ISSN 1556-4975

OffCourse Literary Journal

 Published by Ricardo and Isabel Nirenberg since 1998


Migrations, by Gloria Gervitz.

Translated from the Spanish by Mark Schafer.

Gloria Gervitz, winner of the 2019 Pablo Neruda Ibero-American Poetry Prize, died April 19th, 2022.  She was born in 1943 in Mexico City, to Jewish parents, three of whose parents had emigrated from Eastern Europe.  In addition to leading poetry workshops throughout Mexico, she was also the translator into Spanish of works by Anna Akhmatova, Marguerite Yourcenar, Samuel Becket, Lorine Niedecker, and Clarice Lispector, among others.

Gervitz was at work on her long poem Migraciones since she was 26, modifying the parts that constituted it, joining them, adding to and subtracting from them, and finally removing section titles and all punctuation, until she published the final version in 2020. The definitive translation, by Mark Schaefer, appeared in a New York Review of Books edition, ISBN 978-1-68137-570-0,  published in 2021.

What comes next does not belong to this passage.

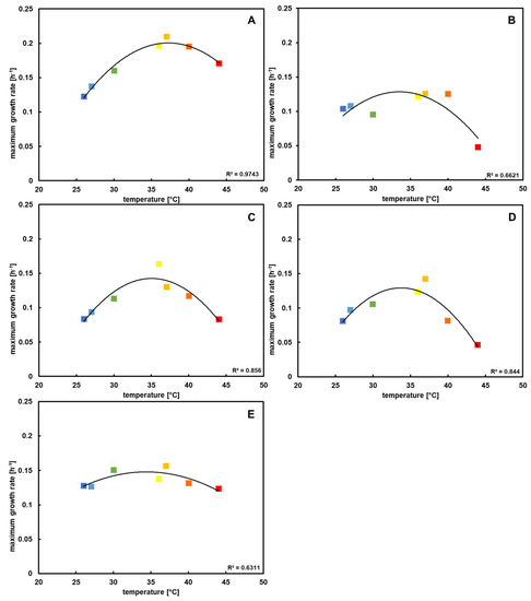 Maximum growth rates retrieved from the temperature block experiment after Kunze, Lattermann [34] plotted against growth temperature. All datasets correspond to a polynomal curve, with each maximum around mesophilic temperatures. (A) DSM 2944T, (B) DSM 11072, (C) DSM 11073, (D) DSM 11104, and (E) DSM 65. The colors of the squares indicate the growth temperature.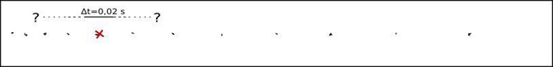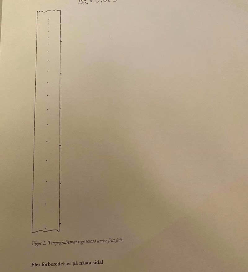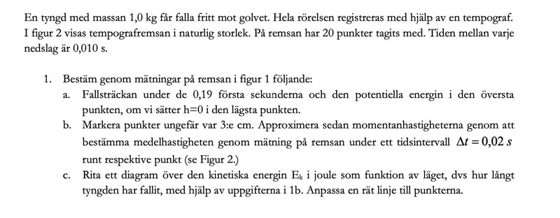 Sätt kryss på var 3:e cm på remsan (om det går så kan du försöka välja dina kryss så att de ligger på punkterna). Sen ska du beräkna ungefär hur fort tyngden faller vid varje kryss. Det är detta som de kallar för momentanhastigheten. Momentanhastigheten ska approximeras genom att ta en medelhastighet under 0,02 s runt varje kryss. Hur långt sträcka på remsan motsvarar 0,02 s vid t.ex. första krysset? Det behöver du ta reda på (=mäta). Då har du en fallsträcka och en tid. Då är det enkelt att räkna ut en medelhastighet vid första krysset.

The translator has done a remarkable job. Gervitz' poetry is packed with the names of Mexican flowers, food, plants, birds, household items, a dense language one would call almost untranslatable.  The poems also use the language of Jewish prayer, especially liturgical Hebrew, the Kaddish, in Aramaic, as well as traces of many other languages. 

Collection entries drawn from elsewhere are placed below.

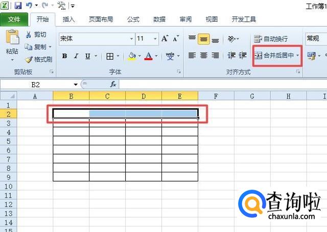 之后我们选中图示中的区域,然后我们点击合并后居中;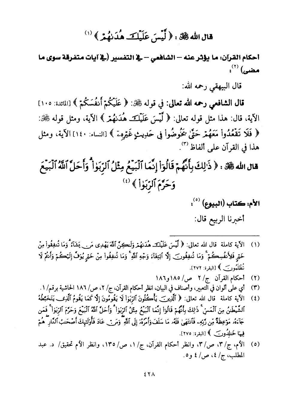 أحكام القرآن: ما يؤثر عنه - الشَّافِعِي - في التفسير (في آيات متفرقة سوى ما مضى) :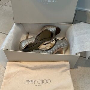 Jimmy Choo Tahiti shoes, Mary Jane with open toes. Heels height 4 inches. With box and shoes bag.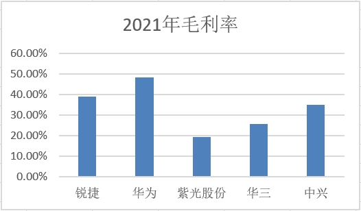 二、主营业务毛利率高于同业平均水平: 锐捷网络近三年(2019年、2020年、2021年)主营业务毛利率分别为:45.93%、39.24%、39.01%(2020、2021年受产品结构调整和疫情影响,毛利水平下滑,但2022年上半年毛利率回升至40.31%)。同业中,中兴通讯2021年毛利率35%,紫光股份2021年毛利率19.52%(新华三毛利率约为25.67%),华为近三年(2019年、2020年、2021年)主营业务毛利率分别为:37.6%、36.7%、48.3%(2021年华为剥离了荣耀、服务器等毛利率低的业务,所以拉高了自身毛利率水平)。
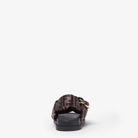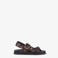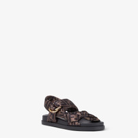 Sandals with padded straps and decorative D-ring buckle with three-dimensional Fendi lettering. Made of satin with iconic FF motif. Black leather insole, rubber sole. Gold-finish metalware. Made in Italy Composition: 97% polyester, 3% elastane, inside: 100% calfskin Product Code: 8X8772AE7SF0R7V

The NYRB edition fortunately includes a glossary for words, phrases, and references in Mexican Spanish, as well as for the Hebrew and Aramaic terms, with many entries rich enough that they could qualify as notes, plus a list of sources for the many quotations and hidden allusions. There is also an afterword consisting of a seamless blend of two conversations that Mark Schafer had with Gervitz, one in 2004 and the other in 2021. The apparatus is extremely helpful; it illuminates the author's thinking about her poem, as well as the difficulties and the success of the translator's work. Here is a sample from the last interview:

M.S.: It seems to me that you write against language —that is, language as something singular, pure, static. Your poetry contains Spanish, Hebrew, Aramaic, Yiddish, English, Farsi, and Portuguese, and all without italics, as a single flow of language.
G.G.: Look, it's simply that words have a life of their own; they come as they choose. So, it seeemed to me that to put them in italics would have been to give them a weight they didn't have, to emphasize them rather than allowing them to flow.